Print the records below exactly, from the line containing "Selve slagmarken er" down to the line containing "Amasya Üniversitesi Rektörü", both lines included, and omit every picture.

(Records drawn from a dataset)
■ ■ ■ ■ ■ ■ ■

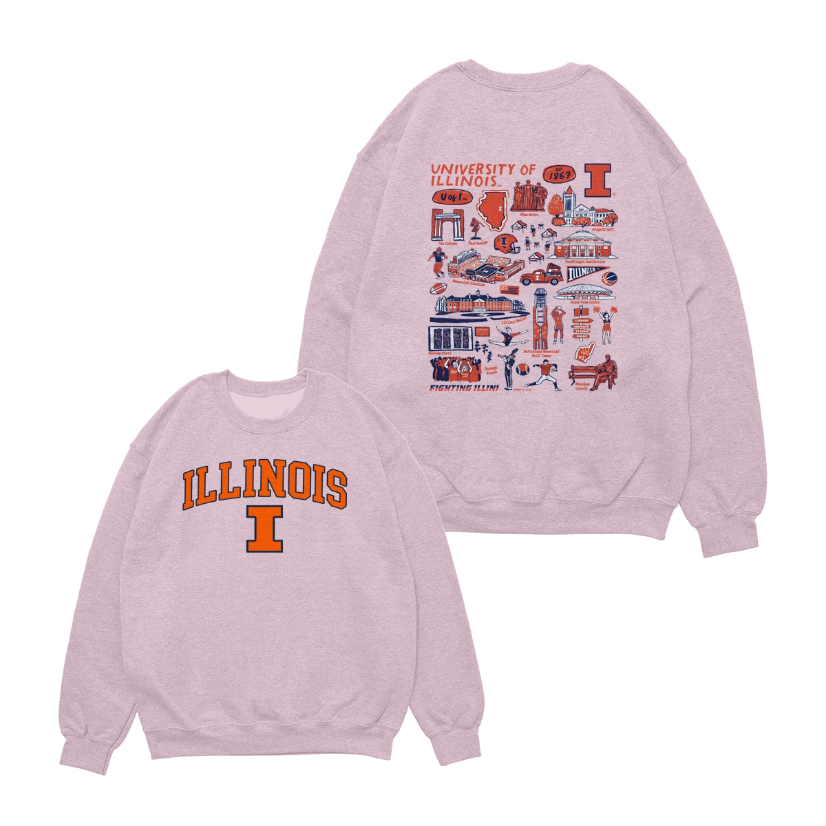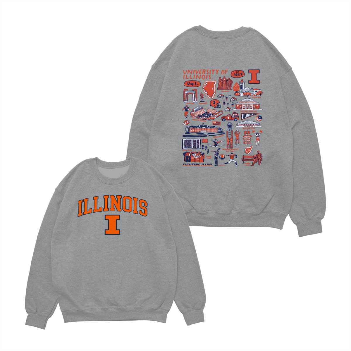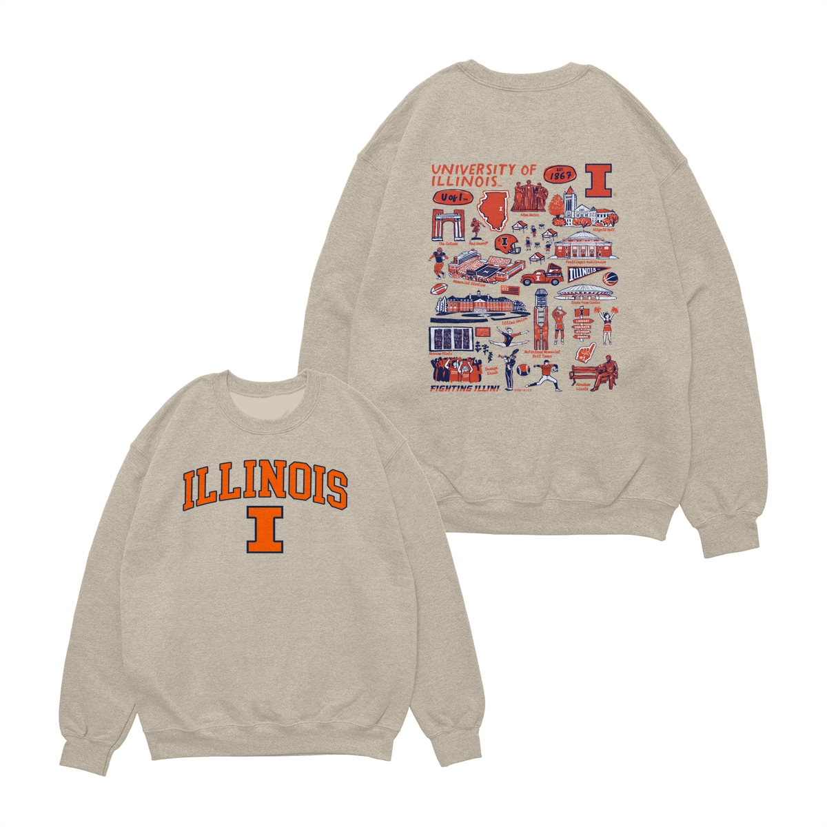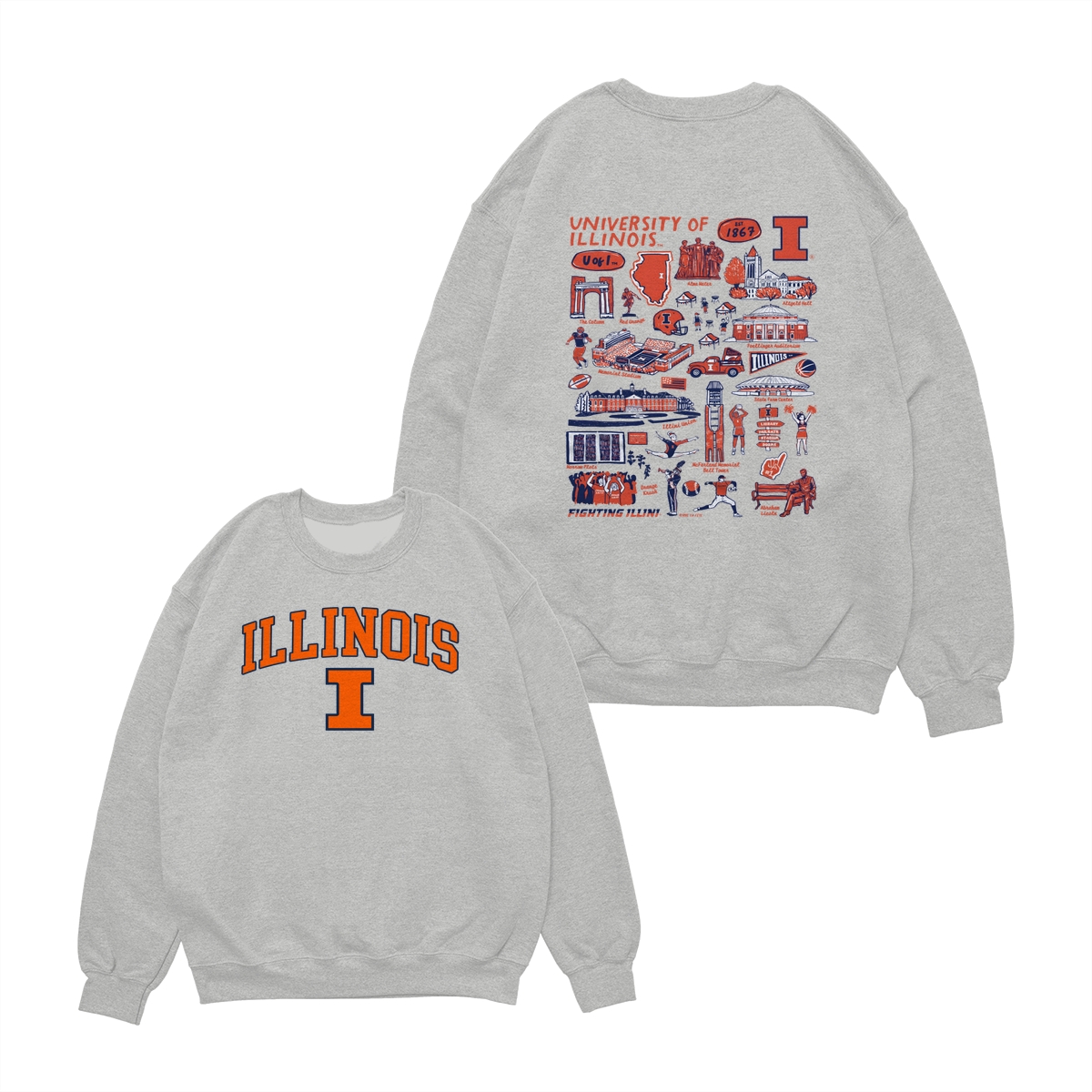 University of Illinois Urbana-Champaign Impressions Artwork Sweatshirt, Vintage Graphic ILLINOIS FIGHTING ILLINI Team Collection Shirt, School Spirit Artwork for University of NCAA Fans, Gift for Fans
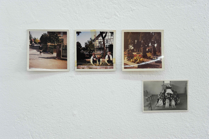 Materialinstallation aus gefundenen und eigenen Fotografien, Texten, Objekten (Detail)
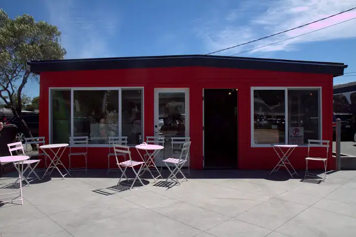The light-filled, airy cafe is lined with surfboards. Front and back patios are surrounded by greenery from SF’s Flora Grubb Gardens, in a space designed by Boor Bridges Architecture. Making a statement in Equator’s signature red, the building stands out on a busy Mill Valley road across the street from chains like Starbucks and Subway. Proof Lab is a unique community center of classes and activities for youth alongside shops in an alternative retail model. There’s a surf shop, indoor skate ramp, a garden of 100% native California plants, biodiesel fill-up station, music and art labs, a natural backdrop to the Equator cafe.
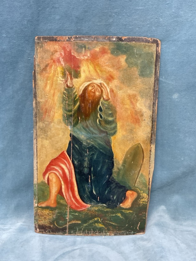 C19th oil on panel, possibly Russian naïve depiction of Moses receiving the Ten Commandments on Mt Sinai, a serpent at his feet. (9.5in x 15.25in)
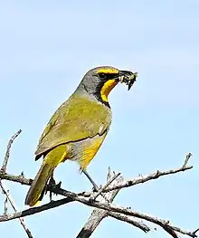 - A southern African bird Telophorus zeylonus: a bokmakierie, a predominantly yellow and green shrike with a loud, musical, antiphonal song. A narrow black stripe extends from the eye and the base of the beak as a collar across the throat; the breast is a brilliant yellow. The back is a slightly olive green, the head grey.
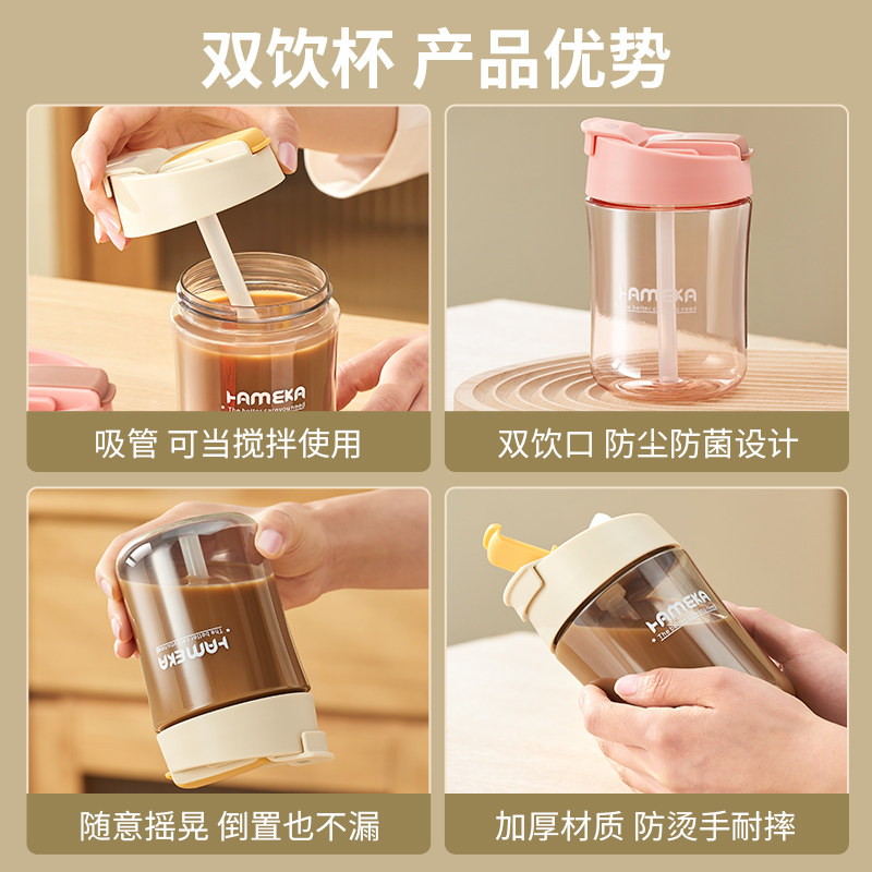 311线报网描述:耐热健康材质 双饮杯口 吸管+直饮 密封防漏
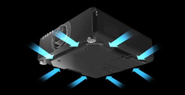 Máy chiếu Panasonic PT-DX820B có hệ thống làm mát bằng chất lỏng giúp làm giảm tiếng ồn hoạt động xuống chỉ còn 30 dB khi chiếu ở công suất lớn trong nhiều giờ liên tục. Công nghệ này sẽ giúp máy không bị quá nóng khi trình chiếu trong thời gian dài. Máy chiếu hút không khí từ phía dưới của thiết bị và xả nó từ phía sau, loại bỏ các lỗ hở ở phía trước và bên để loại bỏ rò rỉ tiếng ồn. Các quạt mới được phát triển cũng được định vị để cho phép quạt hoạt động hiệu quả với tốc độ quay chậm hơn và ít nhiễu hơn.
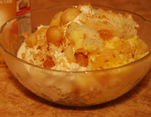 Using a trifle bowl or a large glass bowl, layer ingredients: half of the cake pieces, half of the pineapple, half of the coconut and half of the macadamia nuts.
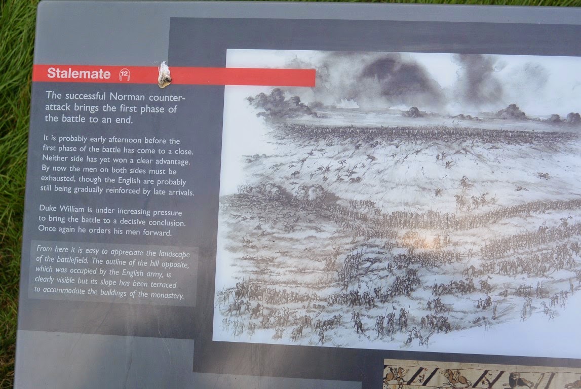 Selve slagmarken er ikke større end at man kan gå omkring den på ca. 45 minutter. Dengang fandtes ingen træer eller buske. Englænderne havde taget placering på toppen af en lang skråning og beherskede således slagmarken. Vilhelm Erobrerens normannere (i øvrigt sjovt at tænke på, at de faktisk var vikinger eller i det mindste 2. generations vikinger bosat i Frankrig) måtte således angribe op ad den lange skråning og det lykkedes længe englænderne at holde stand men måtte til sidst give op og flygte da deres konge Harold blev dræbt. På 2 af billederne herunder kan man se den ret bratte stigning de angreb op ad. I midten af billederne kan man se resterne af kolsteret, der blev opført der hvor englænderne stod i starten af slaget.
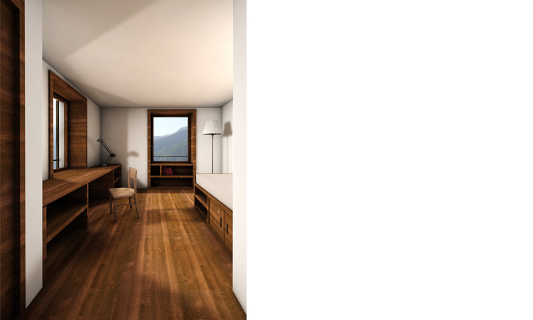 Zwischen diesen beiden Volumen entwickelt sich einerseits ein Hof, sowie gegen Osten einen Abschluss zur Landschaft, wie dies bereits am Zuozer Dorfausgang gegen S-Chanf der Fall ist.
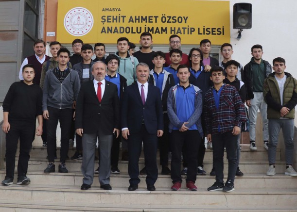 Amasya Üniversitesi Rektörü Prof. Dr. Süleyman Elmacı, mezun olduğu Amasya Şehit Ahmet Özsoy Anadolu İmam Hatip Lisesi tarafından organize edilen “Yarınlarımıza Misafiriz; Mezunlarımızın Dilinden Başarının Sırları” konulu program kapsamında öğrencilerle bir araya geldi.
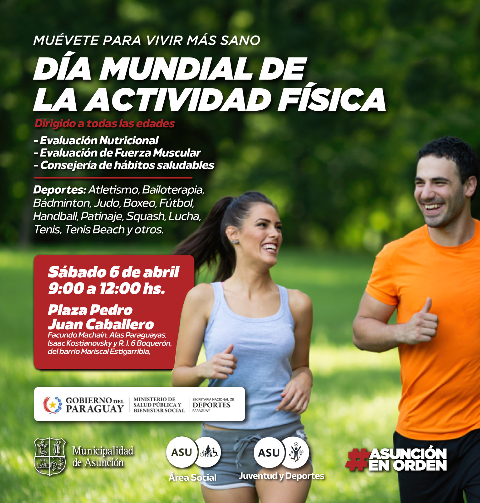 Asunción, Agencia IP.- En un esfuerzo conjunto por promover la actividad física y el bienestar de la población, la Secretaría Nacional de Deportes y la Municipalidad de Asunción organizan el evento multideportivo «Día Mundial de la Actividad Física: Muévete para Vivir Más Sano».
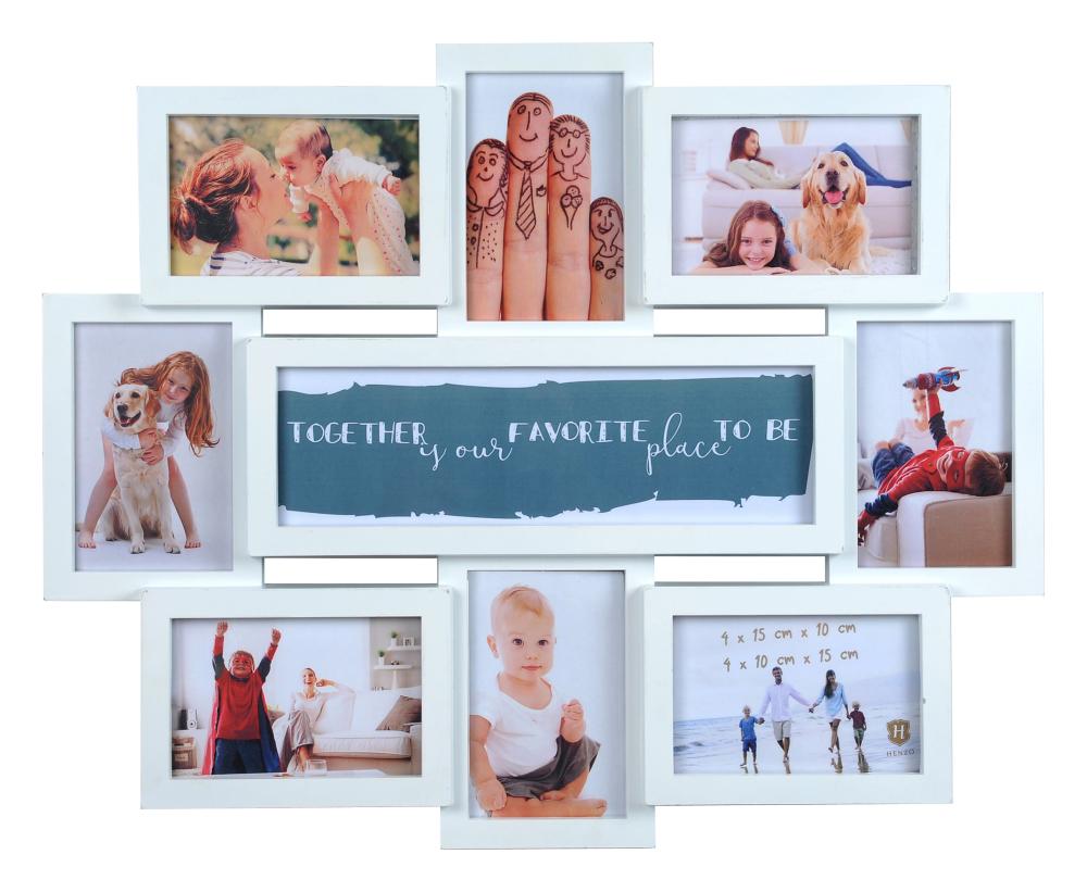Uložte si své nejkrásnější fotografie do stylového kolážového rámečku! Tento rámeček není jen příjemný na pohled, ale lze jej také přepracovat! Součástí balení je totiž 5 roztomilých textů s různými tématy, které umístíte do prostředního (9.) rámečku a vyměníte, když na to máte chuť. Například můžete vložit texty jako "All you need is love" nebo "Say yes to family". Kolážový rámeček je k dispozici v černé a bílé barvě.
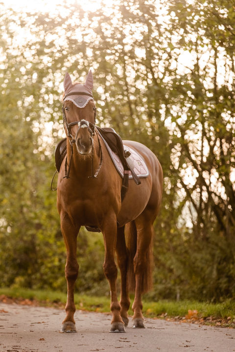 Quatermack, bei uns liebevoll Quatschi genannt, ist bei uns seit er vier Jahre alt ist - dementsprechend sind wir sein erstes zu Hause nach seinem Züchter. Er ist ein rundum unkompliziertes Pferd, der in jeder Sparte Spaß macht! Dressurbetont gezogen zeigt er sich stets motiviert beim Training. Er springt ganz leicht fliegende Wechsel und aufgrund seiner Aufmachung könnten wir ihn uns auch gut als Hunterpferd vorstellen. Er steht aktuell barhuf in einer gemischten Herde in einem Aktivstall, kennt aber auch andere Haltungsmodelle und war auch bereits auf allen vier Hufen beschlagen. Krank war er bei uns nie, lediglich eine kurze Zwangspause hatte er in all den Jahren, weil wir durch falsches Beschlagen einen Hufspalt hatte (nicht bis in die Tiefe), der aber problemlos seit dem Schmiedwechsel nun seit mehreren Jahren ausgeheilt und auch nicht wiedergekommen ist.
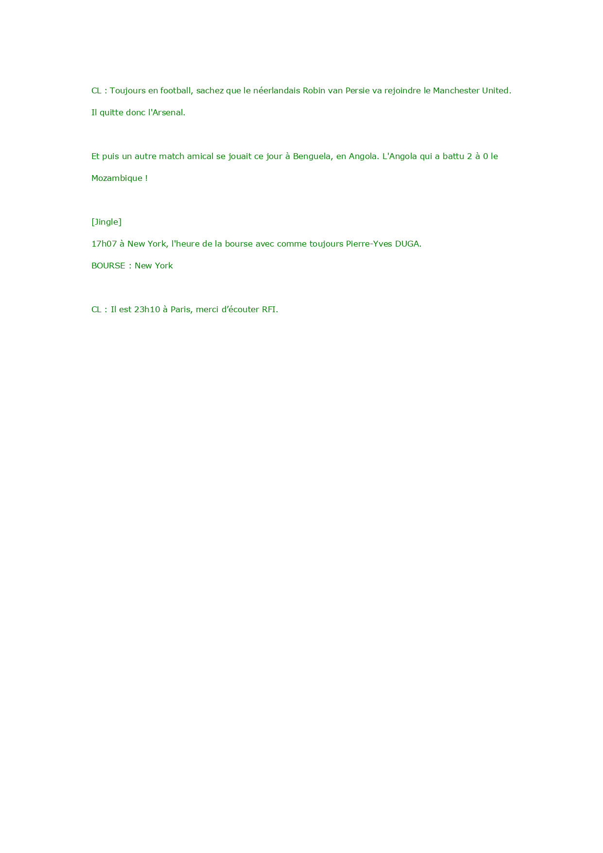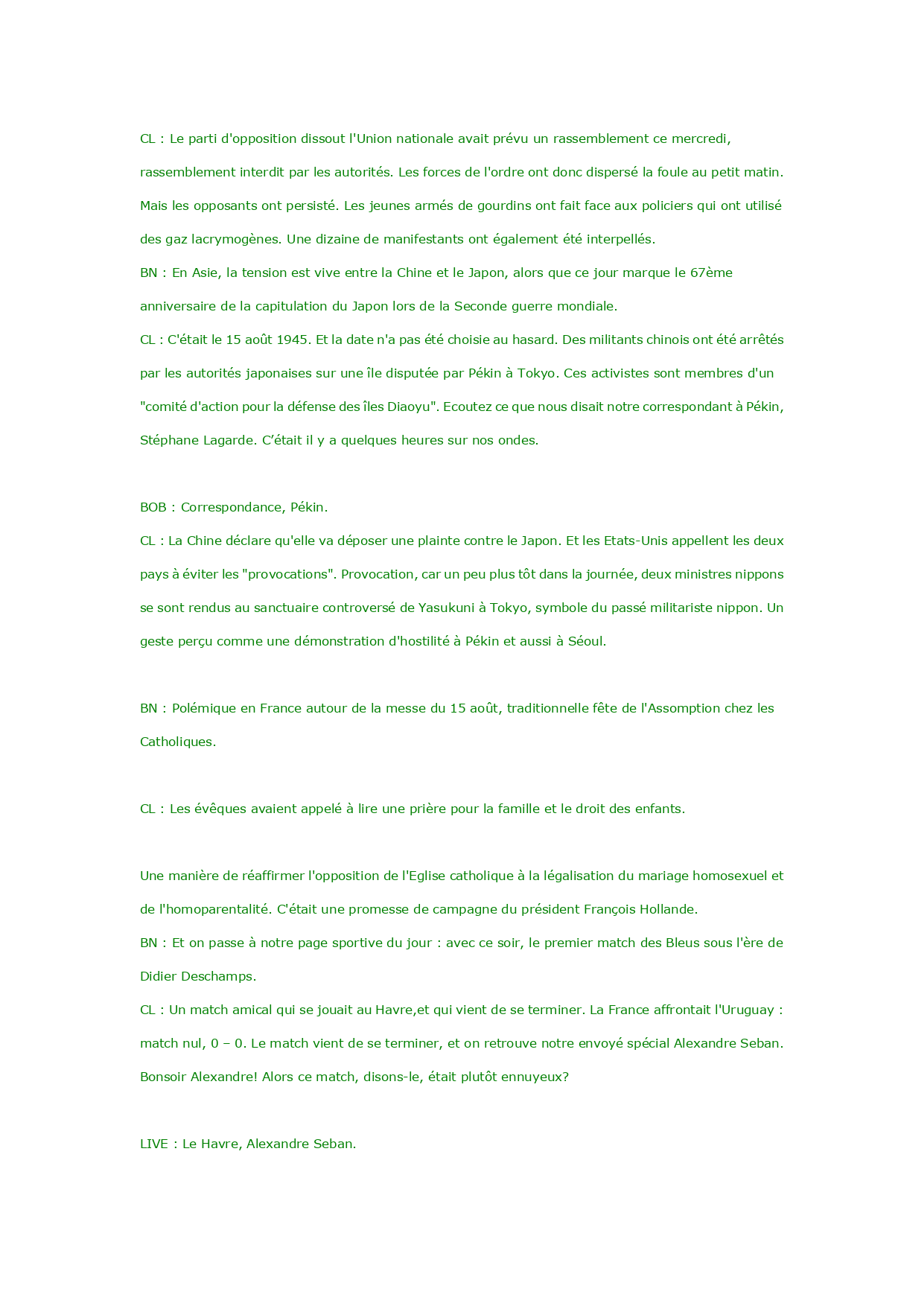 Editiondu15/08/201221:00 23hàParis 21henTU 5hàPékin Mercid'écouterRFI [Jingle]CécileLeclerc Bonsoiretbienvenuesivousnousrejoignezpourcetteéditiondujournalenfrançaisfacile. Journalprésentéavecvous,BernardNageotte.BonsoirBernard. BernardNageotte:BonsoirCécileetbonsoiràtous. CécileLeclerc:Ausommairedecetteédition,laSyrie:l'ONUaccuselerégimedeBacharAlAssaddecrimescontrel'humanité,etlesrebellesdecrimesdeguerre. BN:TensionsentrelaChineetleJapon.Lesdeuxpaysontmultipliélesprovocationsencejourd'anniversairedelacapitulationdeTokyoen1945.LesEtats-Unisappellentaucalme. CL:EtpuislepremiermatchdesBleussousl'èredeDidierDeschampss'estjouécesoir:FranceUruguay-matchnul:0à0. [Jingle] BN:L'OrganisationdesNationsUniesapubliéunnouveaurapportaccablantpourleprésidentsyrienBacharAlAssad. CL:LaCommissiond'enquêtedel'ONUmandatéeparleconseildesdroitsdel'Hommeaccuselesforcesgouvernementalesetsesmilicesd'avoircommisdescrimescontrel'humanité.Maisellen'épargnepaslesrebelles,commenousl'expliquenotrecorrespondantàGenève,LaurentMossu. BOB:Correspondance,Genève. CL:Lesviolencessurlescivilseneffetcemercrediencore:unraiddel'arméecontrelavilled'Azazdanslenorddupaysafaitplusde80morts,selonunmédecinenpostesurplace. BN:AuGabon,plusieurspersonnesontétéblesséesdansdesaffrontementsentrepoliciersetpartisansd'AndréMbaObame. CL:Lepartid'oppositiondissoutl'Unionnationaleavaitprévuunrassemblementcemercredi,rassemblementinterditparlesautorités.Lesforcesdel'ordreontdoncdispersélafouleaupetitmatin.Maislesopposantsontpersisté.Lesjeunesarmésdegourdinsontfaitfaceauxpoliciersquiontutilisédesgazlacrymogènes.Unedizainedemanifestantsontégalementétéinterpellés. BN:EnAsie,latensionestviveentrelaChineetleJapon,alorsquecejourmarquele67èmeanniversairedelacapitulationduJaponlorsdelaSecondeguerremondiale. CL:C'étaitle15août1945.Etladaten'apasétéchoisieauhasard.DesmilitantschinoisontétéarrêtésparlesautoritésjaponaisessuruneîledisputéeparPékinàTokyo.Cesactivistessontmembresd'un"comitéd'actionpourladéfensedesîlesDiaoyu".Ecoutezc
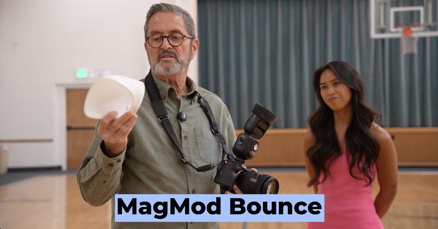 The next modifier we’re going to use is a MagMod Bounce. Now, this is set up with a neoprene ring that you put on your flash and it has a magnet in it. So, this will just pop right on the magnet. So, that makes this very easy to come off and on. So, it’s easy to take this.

■ ■ ■ ■ ■ ■ ■

▸ **Response area**:
 Selve slagmarken er ikke større end at man kan gå omkring den på ca. 45 minutter. Dengang fandtes ingen træer eller buske. Englænderne havde taget placering på toppen af en lang skråning og beherskede således slagmarken. Vilhelm Erobrerens normannere (i øvrigt sjovt at tænke på, at de faktisk var vikinger eller i det mindste 2. generations vikinger bosat i Frankrig) måtte således angribe op ad den lange skråning og det lykkedes længe englænderne at holde stand men måtte til sidst give op og flygte da deres konge Harold blev dræbt. På 2 af billederne herunder kan man se den ret bratte stigning de angreb op ad. I midten af billederne kan man se resterne af kolsteret, der blev opført der hvor englænderne stod i starten af slaget.
 Zwischen diesen beiden Volumen entwickelt sich einerseits ein Hof, sowie gegen Osten einen Abschluss zur Landschaft, wie dies bereits am Zuozer Dorfausgang gegen S-Chanf der Fall ist.
 Amasya Üniversitesi Rektörü Prof. Dr. Süleyman Elmacı, mezun olduğu Amasya Şehit Ahmet Özsoy Anadolu İmam Hatip Lisesi tarafından organize edilen “Yarınlarımıza Misafiriz; Mezunlarımızın Dilinden Başarının Sırları” konulu program kapsamında öğrencilerle bir araya geldi.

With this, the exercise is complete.